A new geosteering approach significantly improves effectiveness and efficiency of geosteering in shale gas fields such as the Silurian Longmaxi gas shale in the south Sichuan basin, China. This formation presents more challenges than in classical sand/shale formations even when logging while drilling (LWD) imaging is available because of the cyclic gamma ray (GR) response of the targeted shale formation, subseismic microfaults with unknown displacements, and sudden structure changes from subseismic microstructures.
The new approach introduces more geosteering elements including correlation in the true stratigraphic thickness (TST) domain with considerations of the cyclic nature of shale gas zones; conducting multi-scenario modeling to verify the most likely scenario fitting the overall structural trend and the cyclic features; using an 3D geological model as the overall guidance of structural variations; and using a key bed detection strategy when the above methods can't precisely determine structural position.
The sweet section of Longmaxi shale has five sub-zones with respectively regressive or transgressive sequences, and the bottom zone with extremely high GR readings. The cyclic nature often resulted in inconclusive structure correlation based on changes of GR readings only. Field experiences showed numbers of subseismic microfaults with unknown fault displacement, and sudden changes of structural dips due to sub-seismic microstructures can be encountered, which can make the standard geosteering method insufficient to judge the actual position of the horizontal lateral.

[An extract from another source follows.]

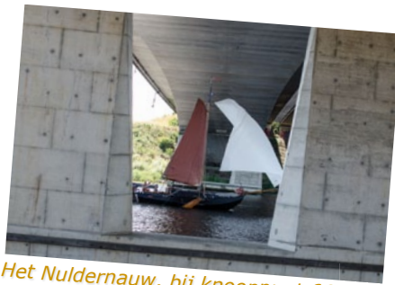
Het Nulder nauw, bij knooppunt 66.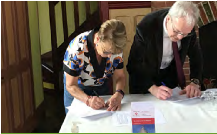
Convention avec la Fondation du patrimoine / 6 mai

The new approach especially the multi-scenario modeling method in TST domain and the downward detection geosteering strategy to track the bottom high GR marker shale zone can clarify in-situ geology and minimize potential out-of-zone risk. The new approach has ensured all drilled horizontal wells was implemented 100% in the sweet section during the pilot and factory drilling phases. This paper demonstrates several examples to highlight its capability to handle complex situations for effective geosteering in contrast to the standard approach. The field practices also show this new approach can help to reduce unnecessary changes of drilling directions to ensure a smoother wellbore for subsequent operations. Our experience suggests iteratively updating the 3D geological model with improving accuracy must be treated as part of the overall geosteering strategy. Also a real-time decision making scheme throughout all involved segmens must be ensured for seamless operation.